Tucking his fighting sticks back into his sleeves, Shang-Li walked through the sleeping crew. No one, not even his father, noticed his passage. Nor did the guards Captain Chiang had assigned to their posts. Even brave Thava remained unaware of him as he passed by her.

Shang-Li had never seen a spell so powerful.

In the forest, the tentacled things and the sea shambles drew back from the Blue Lady.

“They know you are under my protection. They will not harm you.”

All the same, Shang-Li stepped warily and watched all the creatures as they trailed after him. He felt confident he could escape them if it came to that, but possibly not if one of them seized him first. And definitely not if more than one got hold of him.

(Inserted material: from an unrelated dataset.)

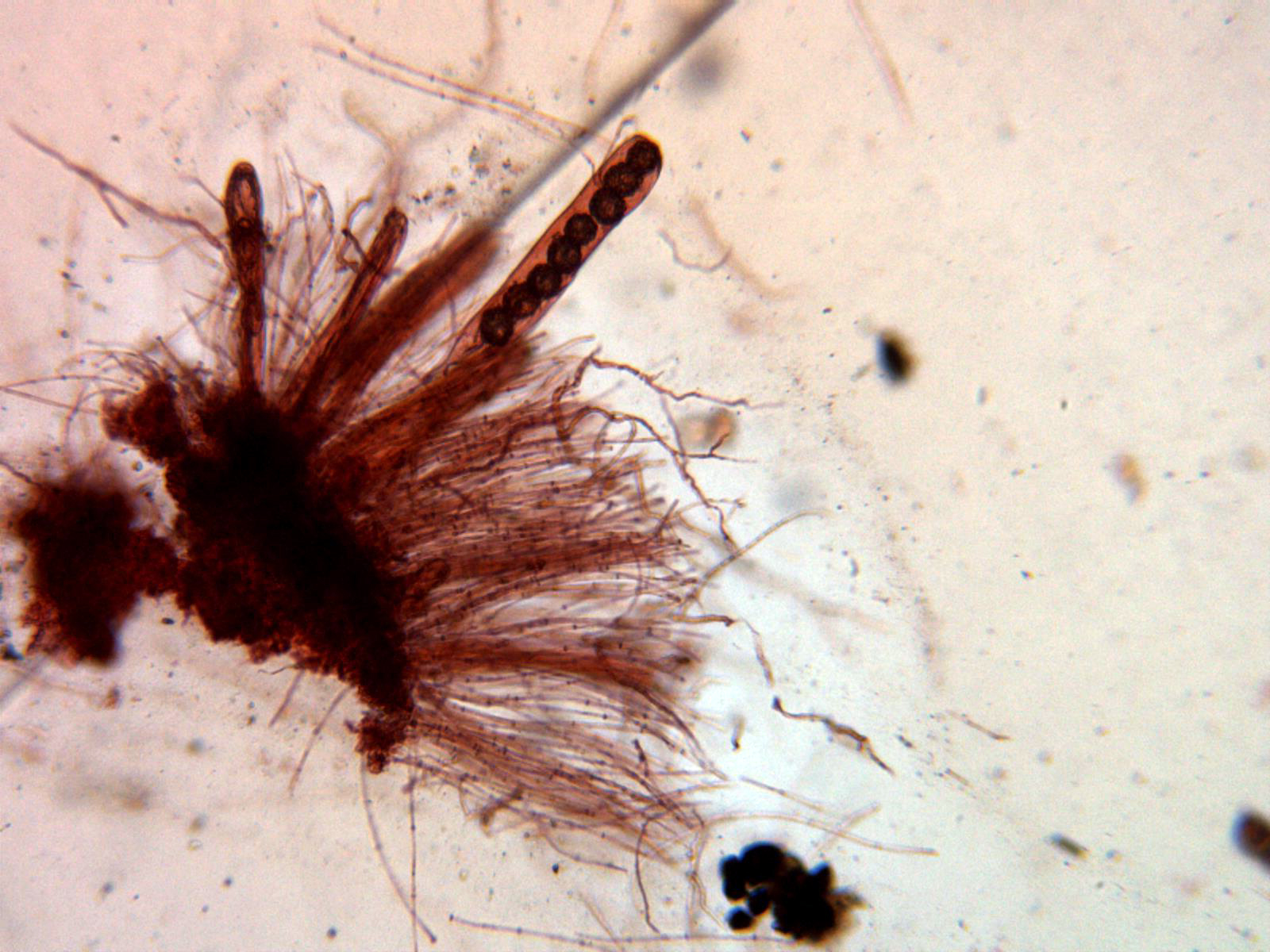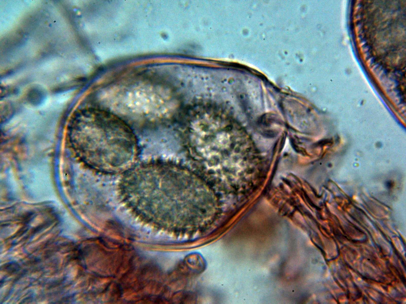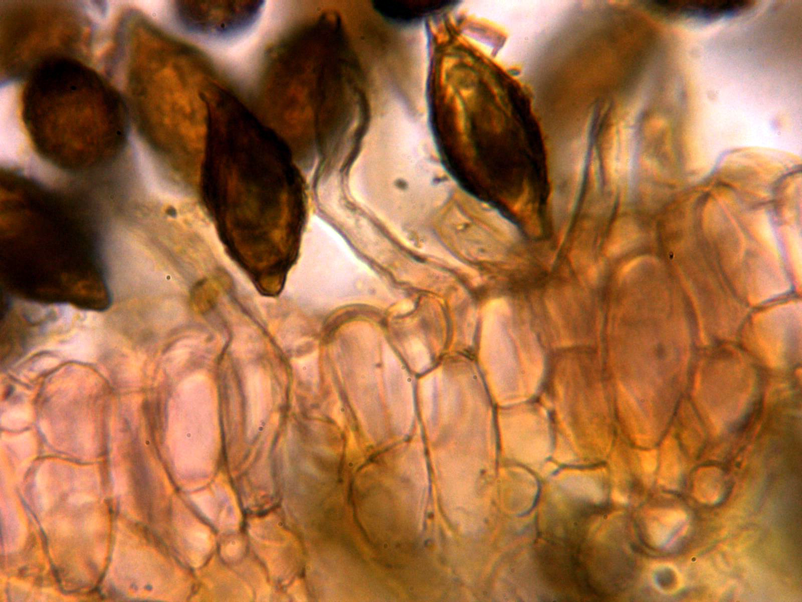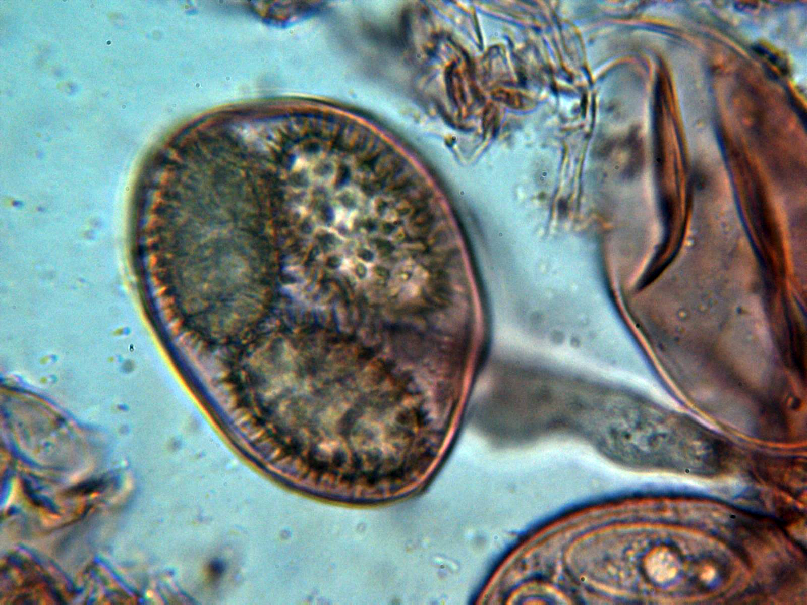 Y las esporas, con una gran vacuola y algunas de ellas hasta incluso triangulares:

Only a short distance farther on, the Blue Lady came to a stop and pointed her sharp chin at a man standing in the shadows of the swaying trees. “Follow him to my home. There we will see if I was wrong in keeping you alive. If I was, you will die to pay for my mistake. But if I was right, you can live to serve me.”

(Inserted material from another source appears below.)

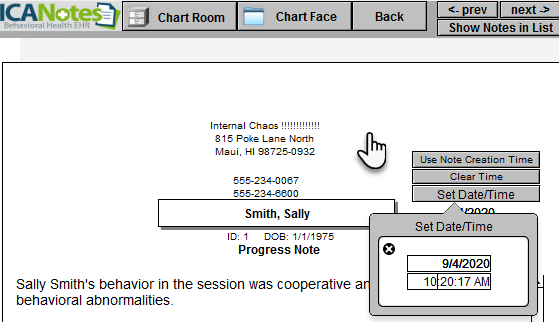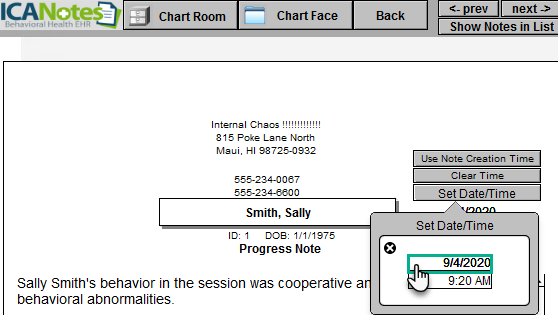 This will open a window to allow you to adjust the Date and Time of your note. Click on the field you wish to update.

Shang-Li knew that would never happen, but he didn’t say so. He concentrated on the figure beneath the tree. There was something familiar about the man.

“Come forward.”

The man stepped from the shadows and Shang-Li recognized him.

“I am Bayel Droust.” The man spoke politely, but the fear of the Blue Lady was alive in him.

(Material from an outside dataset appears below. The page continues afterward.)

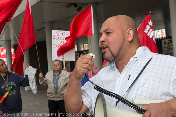 ![]() ![]() ![]() Alberto Durango speaking about the cleaner's greivances - ![]() and the refusal of ISS to discuss the issue of racism in the workplace ![]() More protesters arrive ![]() including some very young ones ![]() ![]() ![]() |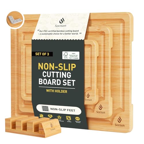 Bamboo Cutting Board Set Non Slip Feet with Holder Over Sink Wooden Cutting Boards Eating Grilling Biard Cutboard Biard Chtting Woodcutting Cuttingboards Voard Oard Bord 12x18 11 x 14 Baords Baord

“You should be dead by now.” Shang-Li spoke before he thought about it. Instead, Bayel Droust only looked the same age he had in the drawings Shang-Li had seen of the man. He should have been old for a human, older than Shang-Li’s father.

The Blue Lady waved that away. “Long life is part of my gift to Bayel Droust for his continued obedience. But I shouldn’t reward all those years of failures. As you can see, I can be generous.”

Droust said nothing in his defense, only kept his head bent and his gaze resting on the sea floor. “Yes, lady.”

The Blue Lady turned to Shang-Li. “Follow him. I will

be waiting for you. If you do not, I will bring doom to all of your friends.”

Without another word, the Blue Lady disappeared.

“You are Shang-Li.” Droust lifted his eyes. “Of the Standing Tree Monastery.”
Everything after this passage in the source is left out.